Storytime: A Meal.

November 27th, 2013

It began with the two most dangerous of things: a stomach that held too little and a head that held too much. And nowhere was there a more capricious vessel for these two traits than the body and soul of a common crow.
Well, the crow is an ingenious bird. There was no food available? Then he would find it! He flapped forth with purpose.
There was no food in the tall grey woods. They were quiet and dim with the late autumn air, berries plucked and rodents nested.
There was no food in the wide brown fields. They were emptied of harvest, emptied of care, lying cold and waiting for the white blanket.
There was no food by the rushing blue streams. They had sunk into a dull-colour fugue now, as dim as the skies. Fish no longer bothered to leap.
There was no food in the busy many-coloured city. There had been a glut of scraps and filth in the summer, steaming under the sun, but the cold kept people (and their garbage) indoors and out of the way.
And it was there, as he perched on the corner of a building, consumed by annoyance and the bite of an angry belly, that the crow’s eyes alighted upon a none-too-notable thing: two passing noble-men, heads bent, hands waving. Discussing serious matters as serious men did.
And for many animals that would have been that. But he was a crow, and an ingenious bird whose head held too much, and that set him straight-footed as to what was to be done.
The men separated at a street corner with a handshake. Business concluded, backs were turned.
A pebble. A perch. Bonk.
“What was that for?”
“What?”
“You hit me!”
“I did no such thing.”
“Liar!”
“Lout!”
And soon there were blades and shouts and rough things and there was a fine two-hundred-pound meal cooling in the crisp November air for the crow, and he got a good cropful out of it before other, paler, calmer men arrived to take it away. And the best bits too – the soft round things that had stared so emptily at the sky.
One of them threw a pebble at him, but the crow was a canny sort, and he dodged it.

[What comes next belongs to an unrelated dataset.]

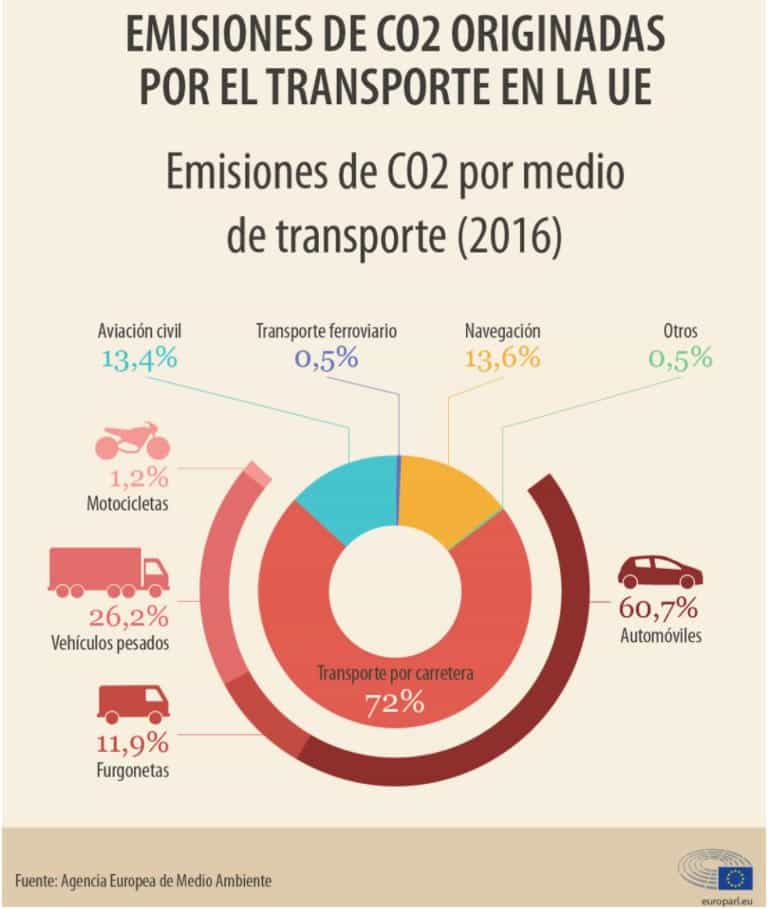 El transporte en Europa está relacionado con el 30% de la emisión de gases de CO2. De ese porcentaje el 78% es a causa del transporte por carretera; siendo los coches los más contaminantes dentro de ese espacio con el 60,7% del total de emisiones.

A scant week later and winter had moved in, curdled the waters of the land into solid mass and bedecked the trees in frozen jewels. Food became scarcer still and the crow was not hungry alone. He and his murder grew thin and cold together, fat sleek-feathered bodies wearing ragged. Something had to be done.
Well, it was simple enough. Few things are smarter than a crow, but one of those things is several crows. And they have excellent memories.

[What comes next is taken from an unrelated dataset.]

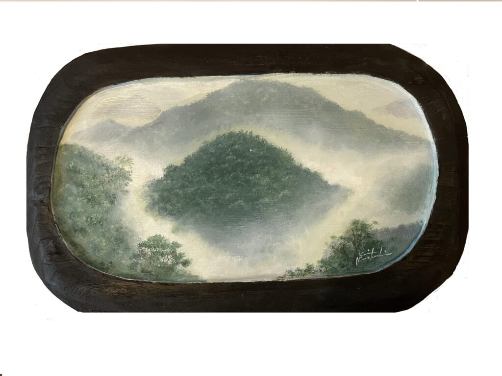 ひさびさのBoard Paintingです朝もやに煙る山々を描きましたずっと昔にこのような景色を見て、暫く動けなかったことを思い出しました。 原材料 : ケヤキ油絵具全 長 : 76cm × 41cm…
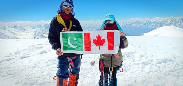Selena Khawaja and her father, Yousaf, hold Pakistani and Canadian flags on Spantik Peak in 2019.Yousaf Khawaja

Down the streets it trundles, the carriage of the great family, footmen clinging to it like monkeys, wheels dancing on ice patches. The memorial service for their lost boy had been delayed by shock. Nobody had expected to have to arrange such a thing, not now, so young; not here, so close to home and far from war.
They arrived at the cemetery, side by side with another procession, a very similar procession. The cut dealt to their own had been slower and crueler, but there had been no doubt of its result within hours. Their son had lived to help plan his own funeral.
The two groups devoted all their ears to their priests as best as they could, to stay civil. They ignored each other. They ignored the city. They ignored the tired, bare trees that stood around them.
They also ignored the crows.
Bonk.
“Did he-“
“Shh. Not now.”

Bonk.
“Why-!”
“Don’t-“
“I felt that, I saw him look at me!”
“Why would I look at you, murderer?”
“The same to your own!”
“Sto-“
“Shut up! I’ll say what we all should!”
Bonk
Bonk
and it all went along quite predictably from there. Alas, the gap between riot and cleanup was briefer this time, public as it was, but still there was time – and no shortage of targets – for the murder to fill itself to the point of bursting. They had been very hungry indeed, and in the weeks to come and the burials to arrange the glass-blowers found much work in artificial eyes. Ten pairs.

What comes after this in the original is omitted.